An attempt has been made to bring together as large a number as possible of the simple board games like Merrells and Fox and Geese, with the hope that they would throw light upon that much discussed question, the origin of the game of Chess. The Chinese, Korean, Japanese, and Siamese, Malayan and Samoan forms of several such games are exhibited. It is curious to note that the peculiar board used in the Japanese Fox and Geese game, called _Juroku Musashi_, or “Sixteen Soldiers,” is the same as one from Peru for a similar game. The inference is that they are both of Spanish introduction, which seems to be confirmed by the statement that the Japanese game was first known in that country in the sixteenth century. Merrells is displayed in a board made in the Damascus house in the Plaisance, where the Syrians call it _Edris_, and in a diagram obtained from Chinese laborers from Canton, who call it _Sám k’í_, or the “Three Game,” as well as by European boards.

A Japanese board for that famous game which the Japanese call _Go_ and the Chinese _Wei k’i_, or the “Game of Surrounding,” follows. This is the game which is often erroneously referred to as chess, in China. The Japanese name of this board, _Go-ban_, has furnished the name which we have applied to the simple game of “Go Bang,” which we also got from Japan.

A board and men for a highly developed game, somewhat like draughts, played by the Zuñi Indians of New Mexico, furnishes a striking object for speculation and research. The board is a square divided into 144 small equal squares, each of which is crossed by two intersecting diagonal lines. The moves are made one square at a time along those diagonal lines, the pieces being placed at the angles of the squares. Two or four persons play.

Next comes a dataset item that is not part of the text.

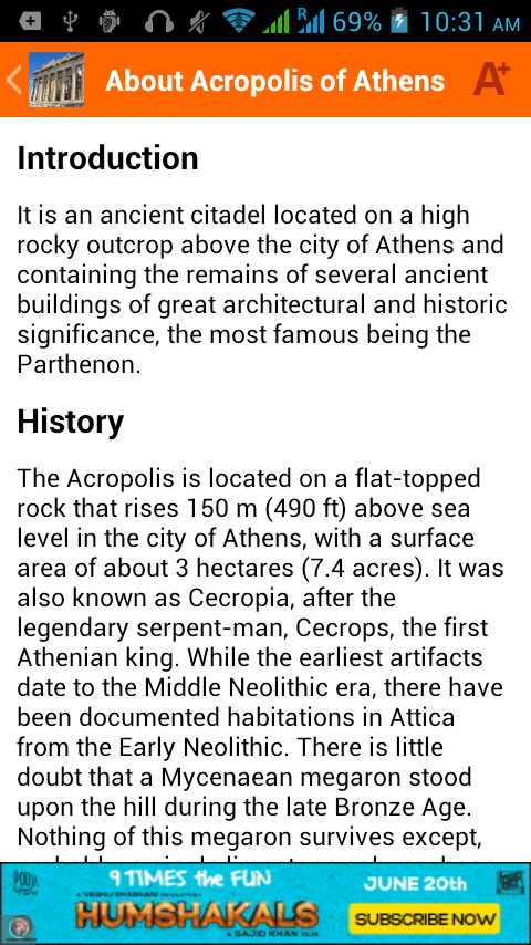 Monuments are the pride of the country they belong to. This Acropolis Of Athens app will provide you all the details about the famous monument. The Acropolis Of Athens is situated in Athens and it contains the remains of several ancient buildings of great architectural and historic significance, the most famous being the Parthenon. The Acropolis was formally proclaimed as the preeminent monument on the European Cultural Heritage list of monuments on 26 March 2007.

They each start with six men, and their object is to get their men across to the other side and occupy their opponent’s places, capturing as many of his pieces as possible by the way. A piece is taken by getting it between two others, as in the modern Egyptian game of _Seega_, and the first piece thus taken may be replaced by an extra piece belonging to the player who makes the capture, which may move on the straight as well as the diagonal lines and is called the “Priest of the Bow.” This game, which was arranged and is exhibited by Mr. Frank Hamilton Cushing, is called _A-wi-thlák-na-kwe_, which he translates as “Stone warriors.” Mr. Edward Falkener, in his work entitled “Games Ancient and Oriental,” which he lent for exhibition here, has published a restoration of the ancient Egyptian game of Senat from fragments of Egyptian boards which have come down from 1600 B. C. The game as thus restored is in some respects similar to the Zuñi game, the men being taken as in _Seega_ by getting them between two others. The Zuñi game, however, may be regarded as in advance of any other board game, even of our own civilization, until we come to the true game of Chess. Chess stands alone among games. We do not find the links that connect it with lower forms of board games, and the Indian game from which our own is derived almost without change is the source from which the many variants of the Chess game doubtless originated. Several of these offspring of the Indian Chess are shown in the north side of this case, including the chess games of Burma, Siam, the Malay Peninsula, China, and Japan. A Moorish board is exhibited with them, and European chessmen and boards follow. A finely carved ivory chess set represents the pieces that are made for export by the Chinese at Canton. Draughts, which in the opinion of Mr. Edward B. Tylor may be regarded as a modern and simplified form of Chess, now follow, and here are shown two sets of interesting German draughtsmen of the eighteenth century.

CASE V. AMERICAN BOARD GAMES, GAMES OF LOTS, LOTTO, CHINESE LOTTERIES.

The games played on boards, like Merrells and Draughts, manufactured by Messrs. McLaughlin Brothers and E. J. Horsman of New York, and the Milton Bradley Company of Springfield, Mass., are found in this case. Many of them appear to have been suggested by the Oriental games such as are shown in the preceding collection.